Risk Management

Debunking the Exploding Cataract: Why You Shouldn’t Sell Surgery

By Michael R. Redmond, MD

[Argus, March, 1992]

A patient presents to the ophthalmologist’s office with a cataract and 20/40 Snellen visual acuity. Visual acuity with medium glare is recorded as 20/100. Cataract surgery is performed and goes well, but the patient develops a retinal detachment soon after surgery. Complications ensue and the final visual acuity is light perception. The patient sues the cataract surgeon on the basis that the surgery was unnecessary in the first place.

A young father, himself postop twice for strabismus surgery, has his son in the pediatric ophthalmologist’s office for the child’s strabismus follow-up. Allegedly, the ophthalmologist initiates a discussion and tells the father that he, the father, needs additional strabismus surgery and that it can be done simply and without problems. Postoperative restrictions develop, corneal exposure with keratitis ensues and the father endures additional surgeries without total relief. He sues the ophthalmologist alleging, among other things, lack of informed consent.
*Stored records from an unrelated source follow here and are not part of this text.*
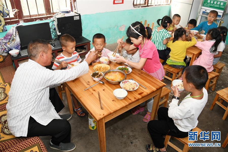 姜同英跟学生一起吃午餐(9月6日摄)。 新华社记者 杨文斌 摄
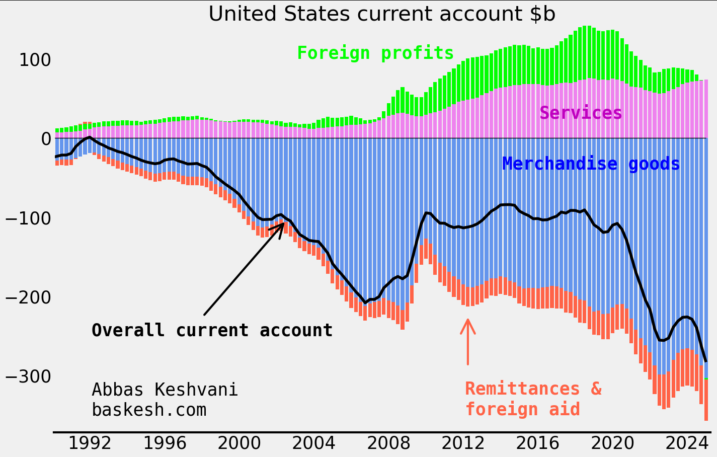 A gaping goods deficit. America experienced its first modern goods deficit in 1971, a product of the postwar industrial revival in Europe and Japan. Since then, US demand for foreign merchandise like cars and electronics have ballooned the deficit to $1.2 trillion or 3.7% of GDP in 2024. The goods deficit (blue in the below chart) dwarfs America’s surplus from services, like management consulting and software licenses. Aside from goods, other sources of outflows like foreign aid are also being targeted by Trump scaling back on America’s defense commitments.
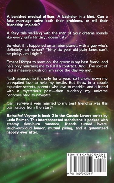 A banished medical officer. A bachelor in a bind. Can a fake marriage solve both their problems, or will their friendship implode? A fairy tale wedding with the man of your dreams sounds like every girl's fantasy, doesn't it? So what if it happened on an alien planet, with a guy who's definitely not human? Thirty-six-year-old plain Janes can't be picky, am I right? Except I forgot to mention, the groom is my best friend, and he's only marrying me to fulfill a contract. And...I've sort of had a massive crush on him since the day we met. Nash assures me it's only for a year, so I choke down my unrequited love to help my bestie. But throw in a couple explosive secrets, parents who love to meddle, and a friend with a mysterious past-then suddenly my universe becomes hard to navigate. Can I survive a year married to my best friend or was this plan lunacy from the start? Betrothal Voyage is book 2 in the Cosmic Lovers series by Leda Palmer. This interconnected standalone is packed with steamy slow-burn romance, friends turned lovers, laugh-out-loud humor, mutual pining, and a guaranteed happily ever after.

Were the surgeries marketed too vigorously? Expectations set too high? Were the surgeries themselves trivialized, potential complications minimized or not even discussed? Were the patients “solicited” for surgery?

In today’s medical milieu, the ophthalmologist must avoid any hint of pressure on the patient or the family to undergo an elective procedure. Physicians are required to inform patients about the therapeutic (surgical) alternatives available and the urgency or elective nature of a procedure, but they must avoid “selling” their services. If a patient is pressured to undergo an elective procedure and a less than satisfactory result occurs, the patient is much more likely to become angry and initiate a malpractice action. Under these circumstances, the patient is unlikely to admit to recalling discussions of risks and alternatives, but will likely remember assurances, trivializations and encouragement to undergo surgery.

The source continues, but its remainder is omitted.